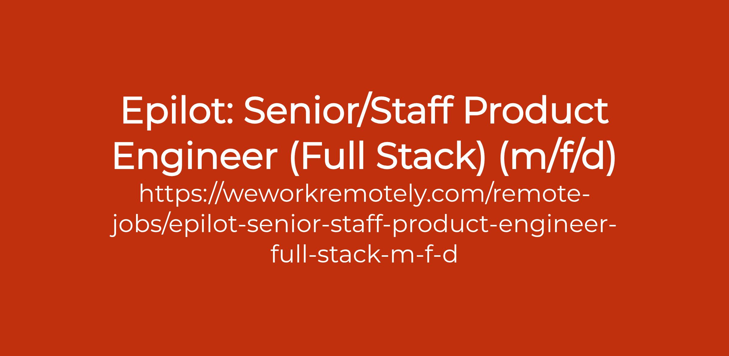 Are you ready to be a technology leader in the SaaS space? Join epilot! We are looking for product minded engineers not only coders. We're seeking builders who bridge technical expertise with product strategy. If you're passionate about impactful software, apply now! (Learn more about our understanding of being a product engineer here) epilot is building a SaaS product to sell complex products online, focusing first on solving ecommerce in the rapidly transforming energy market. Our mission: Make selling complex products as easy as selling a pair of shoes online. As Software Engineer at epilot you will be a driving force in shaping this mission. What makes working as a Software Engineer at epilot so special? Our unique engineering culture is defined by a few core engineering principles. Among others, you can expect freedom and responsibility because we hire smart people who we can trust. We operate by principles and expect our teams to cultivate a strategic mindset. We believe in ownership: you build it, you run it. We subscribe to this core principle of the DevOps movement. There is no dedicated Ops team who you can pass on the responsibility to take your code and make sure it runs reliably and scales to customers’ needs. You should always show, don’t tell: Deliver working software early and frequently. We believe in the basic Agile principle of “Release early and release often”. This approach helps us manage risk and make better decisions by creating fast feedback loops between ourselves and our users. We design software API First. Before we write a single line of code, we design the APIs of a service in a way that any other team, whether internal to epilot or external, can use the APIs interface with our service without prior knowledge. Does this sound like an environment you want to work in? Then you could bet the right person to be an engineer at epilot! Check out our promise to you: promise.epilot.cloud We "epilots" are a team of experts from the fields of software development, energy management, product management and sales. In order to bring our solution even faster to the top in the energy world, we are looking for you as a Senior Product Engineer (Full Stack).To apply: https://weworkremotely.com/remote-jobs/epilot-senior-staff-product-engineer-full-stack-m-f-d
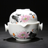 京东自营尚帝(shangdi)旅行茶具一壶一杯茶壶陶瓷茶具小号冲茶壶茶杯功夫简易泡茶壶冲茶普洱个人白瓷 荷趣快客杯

* * *

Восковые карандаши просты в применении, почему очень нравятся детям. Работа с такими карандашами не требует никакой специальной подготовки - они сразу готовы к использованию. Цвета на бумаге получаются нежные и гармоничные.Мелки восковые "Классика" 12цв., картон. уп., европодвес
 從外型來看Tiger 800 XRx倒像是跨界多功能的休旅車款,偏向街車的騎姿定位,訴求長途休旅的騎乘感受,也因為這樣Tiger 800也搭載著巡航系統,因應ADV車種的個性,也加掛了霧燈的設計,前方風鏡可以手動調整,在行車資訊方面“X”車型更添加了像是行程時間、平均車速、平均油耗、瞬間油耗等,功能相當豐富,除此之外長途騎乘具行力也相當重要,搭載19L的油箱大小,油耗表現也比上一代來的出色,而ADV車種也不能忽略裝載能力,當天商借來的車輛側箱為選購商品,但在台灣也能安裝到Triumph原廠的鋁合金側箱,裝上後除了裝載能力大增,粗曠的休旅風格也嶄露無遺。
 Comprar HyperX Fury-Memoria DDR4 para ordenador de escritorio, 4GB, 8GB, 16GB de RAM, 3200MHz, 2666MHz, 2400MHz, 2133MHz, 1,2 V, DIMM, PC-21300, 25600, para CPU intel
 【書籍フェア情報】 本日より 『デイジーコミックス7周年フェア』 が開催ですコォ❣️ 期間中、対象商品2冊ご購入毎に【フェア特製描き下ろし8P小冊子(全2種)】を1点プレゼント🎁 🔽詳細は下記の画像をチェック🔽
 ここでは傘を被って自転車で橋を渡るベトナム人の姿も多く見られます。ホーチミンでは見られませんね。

* * *

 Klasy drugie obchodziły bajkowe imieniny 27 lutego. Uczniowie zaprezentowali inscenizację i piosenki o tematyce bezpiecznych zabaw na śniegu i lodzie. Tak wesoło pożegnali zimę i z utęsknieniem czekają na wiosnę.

_Problem description_
Quote the listing above, but only from the line that shows "本日より 『デイジーコミックス7周年フェア』 が開催ですコォ❣️" through the line that shows "ここでは傘を被って自転車で橋".

_Response_
 【書籍フェア情報】 本日より 『デイジーコミックス7周年フェア』 が開催ですコォ❣️ 期間中、対象商品2冊ご購入毎に【フェア特製描き下ろし8P小冊子(全2種)】を1点プレゼント🎁 🔽詳細は下記の画像をチェック🔽
 ここでは傘を被って自転車で橋を渡るベトナム人の姿も多く見られます。ホーチミンでは見られませんね。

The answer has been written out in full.